• **Instructions to follow**
With the pictures excluded, reproduce all of the data exactly.

• **Collected material**
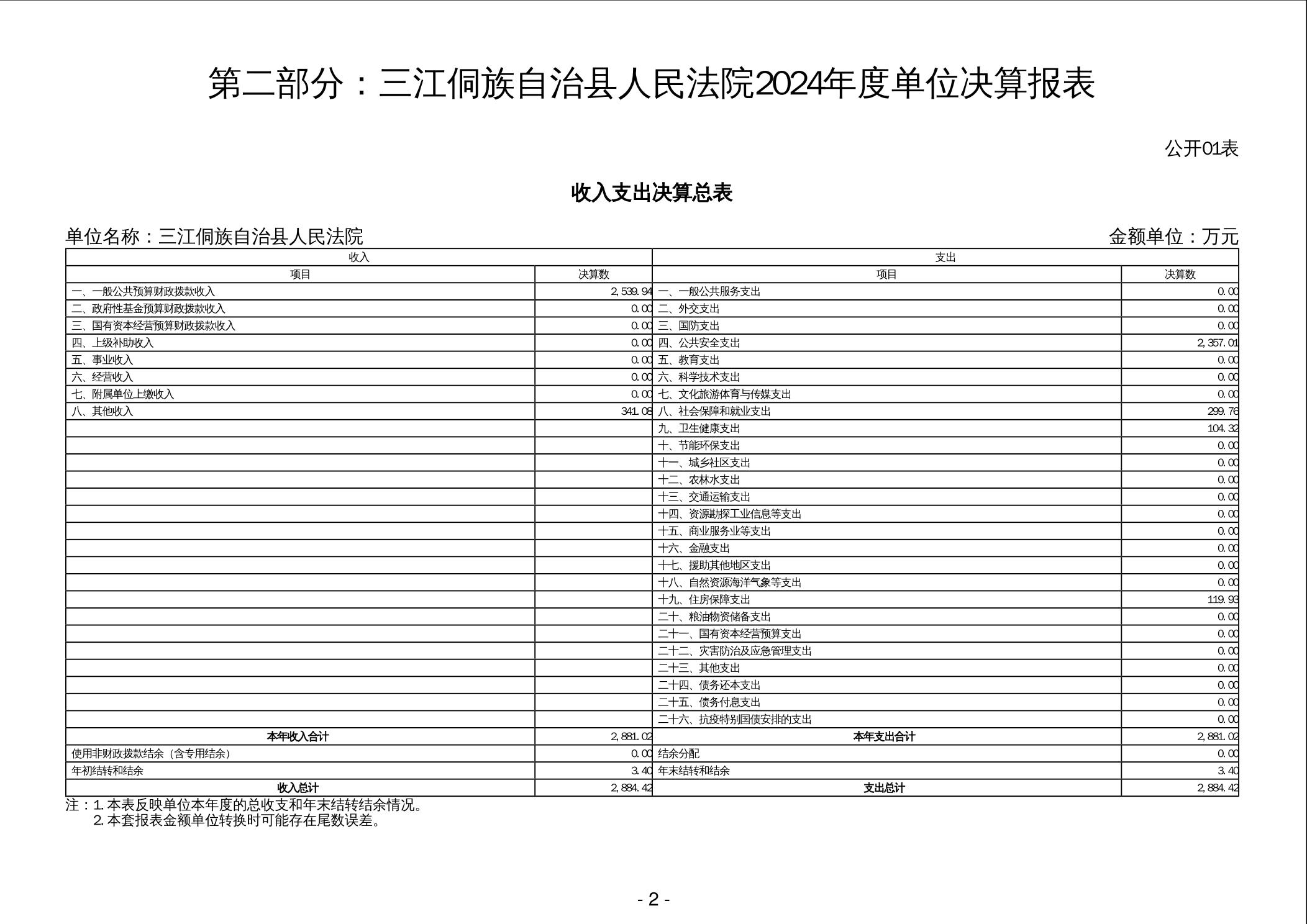 三江侗族自治县人民法院2024年度单位决算公开
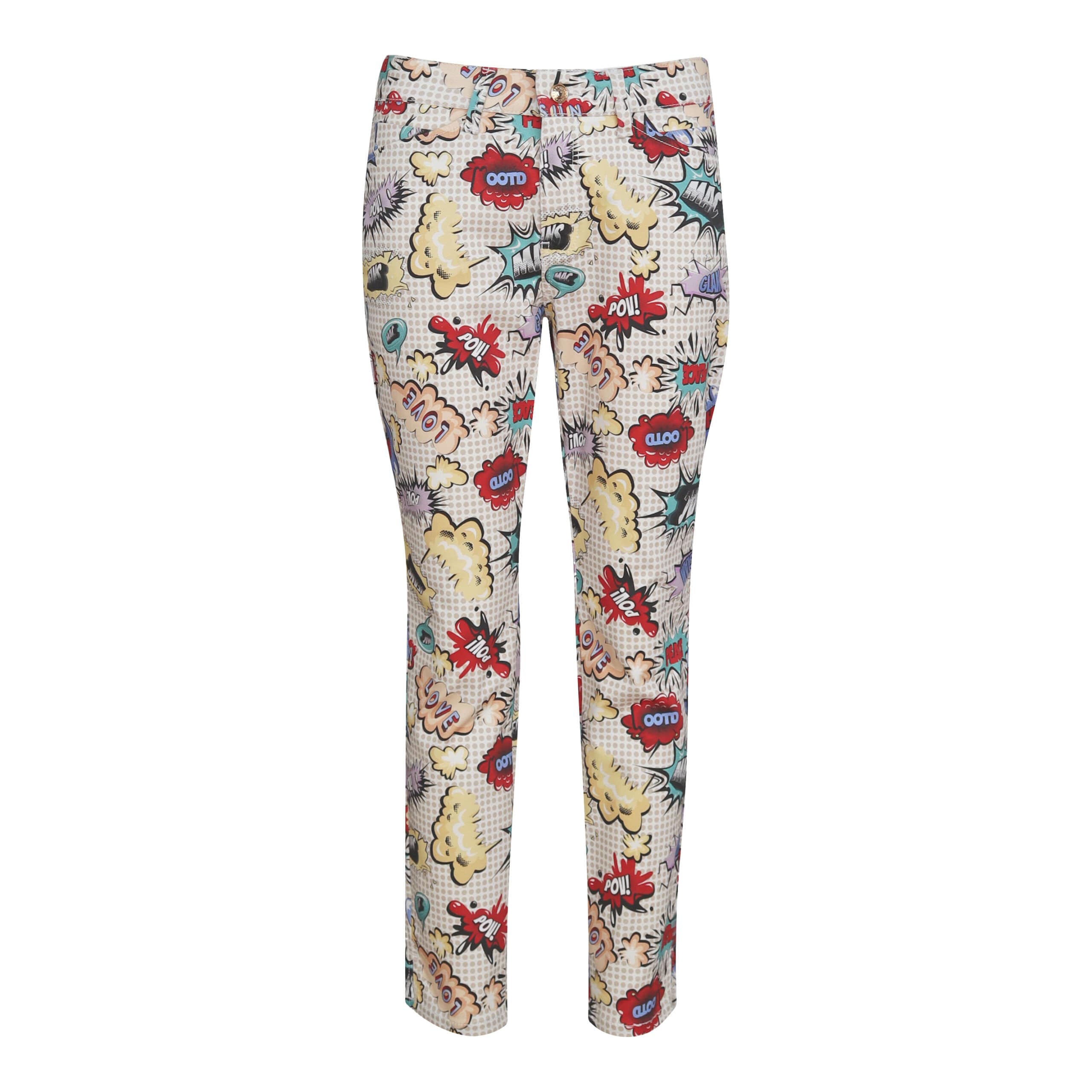 Cropped jeans van MAC, model Dream Summer, slim leg in comic smash. Deze 7/8 broek is gemaakt van een katoenen stretch stof (wonderlight) met een witte basis met daarop beige stippen en een stripprint, heeft een normale taille en kleine splitjes aan het einde van de broekspijpen. De pantalon sluit met een knoop- en ritssluiting, heeft twee steekzakken, twee achterzakken en een slim fit pasvorm.
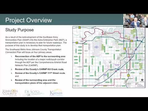 The recommendation follows a presentation by Kip Strauss, vice president at HNTB Corporation, who said the study used a Mid-America Regional Council/KDOT travel demand model and a 2060 low-intensity land-use scenario to forecast traffic as redevelopment at the former Sunflower Army Ammunition Plant (now Astra Enterprise Park, or AEP) proceeds. Strauss said the modeling showed the greatest traffic growth on a new north'south connector through AEP and on nearby corridors, with model runs indicating future daily volumes near the AEP connector as high as about 33,000 vehicles a day. "Traffic growth is greatest along north'south roads of the new corridor through AEP," Strauss said during the presentation.
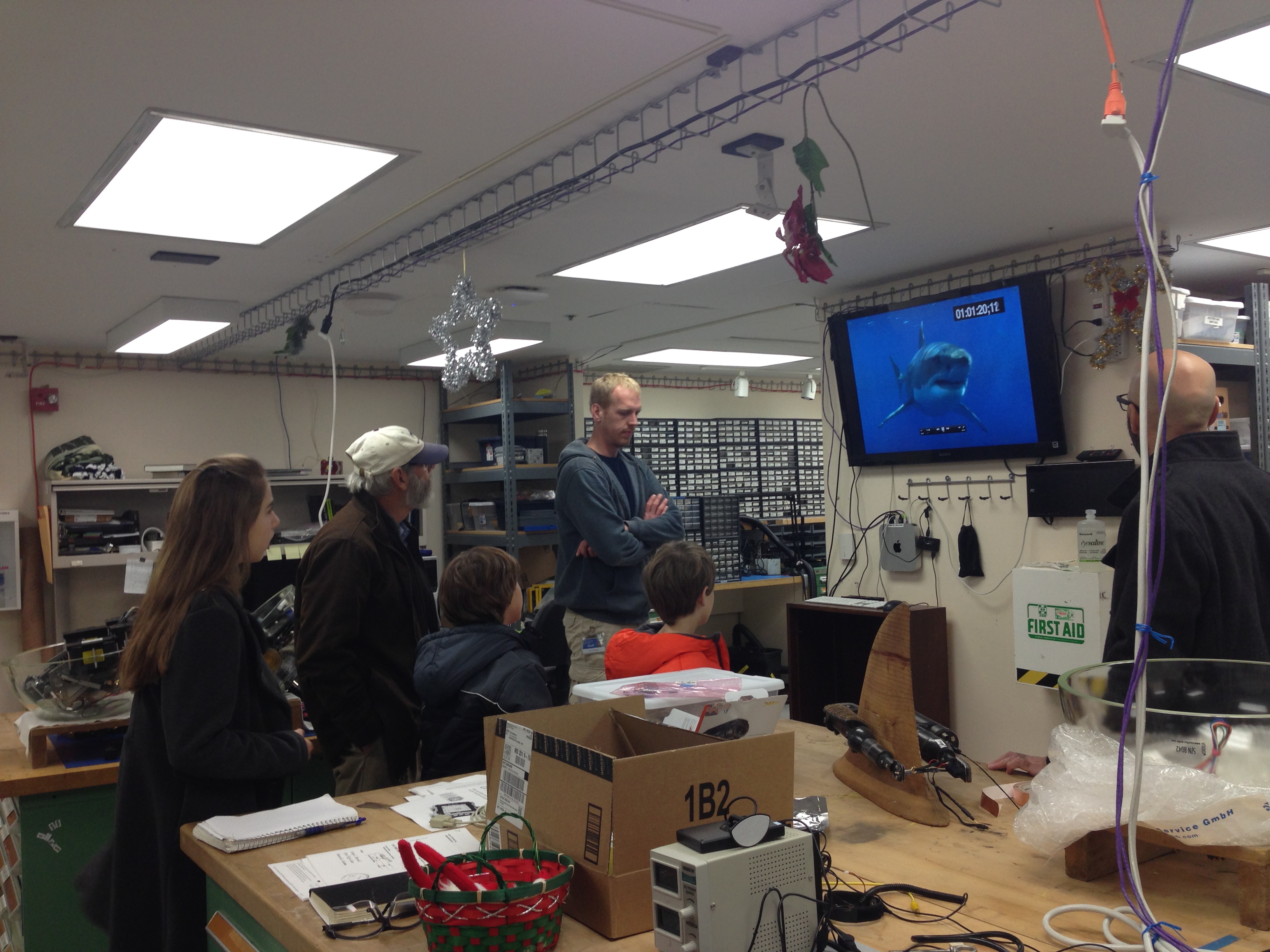 One of the most fascinating gadgets in the lab was the CritterCam that they use to capture point-of-view video from sharks. The camera is attached to a clamp that grips snugly to a shark’s fin and gets tighter as the shark pulls through the water. The CritterCam allows researchers to learn a great deal about a sharks behavior that was not possible before. Of course, getting the camera onto the shark is not trivial and can be very dangerous. See the video below where Mike has a very close encounter with a great white shark.

• **Written solution**
 三江侗族自治县人民法院2024年度单位决算公开
 Cropped jeans van MAC, model Dream Summer, slim leg in comic smash. Deze 7/8 broek is gemaakt van een katoenen stretch stof (wonderlight) met een witte basis met daarop beige stippen en een stripprint, heeft een normale taille en kleine splitjes aan het einde van de broekspijpen. De pantalon sluit met een knoop- en ritssluiting, heeft twee steekzakken, twee achterzakken en een slim fit pasvorm.
 The recommendation follows a presentation by Kip Strauss, vice president at HNTB Corporation, who said the study used a Mid-America Regional Council/KDOT travel demand model and a 2060 low-intensity land-use scenario to forecast traffic as redevelopment at the former Sunflower Army Ammunition Plant (now Astra Enterprise Park, or AEP) proceeds. Strauss said the modeling showed the greatest traffic growth on a new north'south connector through AEP and on nearby corridors, with model runs indicating future daily volumes near the AEP connector as high as about 33,000 vehicles a day. "Traffic growth is greatest along north'south roads of the new corridor through AEP," Strauss said during the presentation.
 One of the most fascinating gadgets in the lab was the CritterCam that they use to capture point-of-view video from sharks. The camera is attached to a clamp that grips snugly to a shark’s fin and gets tighter as the shark pulls through the water. The CritterCam allows researchers to learn a great deal about a sharks behavior that was not possible before. Of course, getting the camera onto the shark is not trivial and can be very dangerous. See the video below where Mike has a very close encounter with a great white shark.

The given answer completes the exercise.